СТАРУХА: Благодарствую! Очень вкусно…Выходились – оладьи, не выходились – блины, значит… Я бы раньше и сама напекла, кабы старика кормить, а одной для себя и готовить не охота… Разве ещё один съесть, а? А то до сорока штук не понять, ладны ли… Вот мы так вот и живём: сами по миру не ходим и другим не подаём!

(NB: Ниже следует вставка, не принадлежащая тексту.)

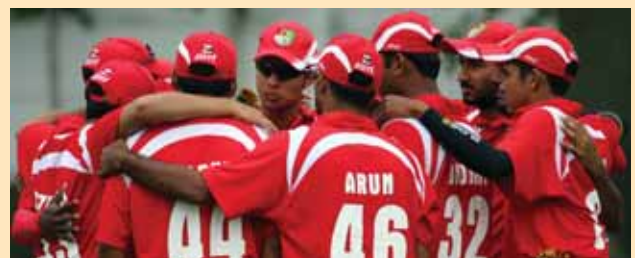
The Singapore team will rely mainly on its dependable batting order and home support to succeed in the event.

Да? (Съедает ещё блин и кланяется) Не ел – не мог, а поел – ни рук, ни ног. (Откидывается на стуле к стене, стучит в неё) Э-эй, старик, иди пеки себе блины! Или праздника не признаёшь? Всё выгадываем? В одно место влезем, в другое выглядываем? (Старик что-то бубнит за стенкой) Ну, и ладно, и сердись. Губа толще, брюхо тоньше… Мой залёточка форсяк, навалился на косяк. Я сказала форсяку: не присохни к косяку! (Крестится, снова садится) Всё, садись, Манечка, на травку, Великий пост пришёл!
ОЛЯ: Мария Васильевна, неужели вы все посты соблюдаете?
СТАРУХА: Ой, милая, как хотела бы на старости… Да где было с моим стариком? Всё ему приготовь повкуснее, пожирнее… Вот и грешила сколько лет. А теперь одумалась, да поздно, Бог уже всё учёл…
ОЛЯ: Ну, хорошо, это вам, старым, а неужели и детям нужно мучиться, не есть?
СТАРУХА: А какое мученье? Помню, мы детьми-то были, тоже всё просили постом мяса. Но мать отругала, сказала, что поп уши отрежет тем, кто нарушает. Вот мы и боялись. Так и ели одну картошку с хлебом… Да весной босиком по проталинам… Зато видишь, какие здоровые вымахали? Никак помереть не можем!.. Ешь, коровушка, соломку, забывай отавушку. Обними, солдат, подушку, как свою сударушку… (Оле) Ты пойдёшь ли на гулянье?
НАДЯ: Жениха поджидает! (В ответ на Олины гримасы) Ладно уж, молчу, молчу.
СТАРУХА: А как у нас весело было в деревне на Масленицу! Каждый год катьбище устраивали. И столько саней наедет со всей округи, что тесно даже, не разъехаться.  Друг за дружкой, друг за дружкой… Оглянешься, а тебе в спину тычет морда следующего коня. И с песнями, с гармошкой, с криками… у-ух! Поставим коня отдохнуть, пока другие катаются… И порядок был, никто не хулиганил, слушались тех, кто богатый, они командовали. У кого не было лошадей, то у них и брали напрокат с санями. А за это уговаривались потом в жатву помочь в поле. Вот это и был наёмный труд, и никакого греха, как потом придумали. Хорошо мы жили прежде, дружно…Дружно… Вы уж меня ещё раз простите, если что не так.
НАДЯ: Что не так? Да всё так!
СТАРУХА: Я вот душой-то болею за человека, а сказать или приласкать не умею. Неласковая я уродилась. А вот теперь думаю иногда, как я была не права. Надо бы мне со свекровушкой быть поласковей. А я недолюбливала её. Сразу заприметила: как придёт кто, она угощает, подкладывает, ешь, мол, ешь досыта, а как уйдёт человек, она и скажет – сожрал-то сколько! Потом я и думала всегда, что она и про меня так же говорит. Кто я ей? Чужая ведь, кормить-то… А вот свёкор умница был и всё учил меня: ты не ругайся с матерью, это ведь до хорошего не доведёт, она ведь старая, её не переделаешь, ты лучше смолчи… Вот и училась я.
НАДЯ (Оле, подначивая):  Слушай вот, что старые-то люди говорят, да на ус мотай. А то замуж торопишься, а каково там, не ведаешь.
ОЛЯ: Это кто ещё из нас собирается, проверить надо!
НАДЯ (заслышав звонок в дверь): Вон идут за тобой!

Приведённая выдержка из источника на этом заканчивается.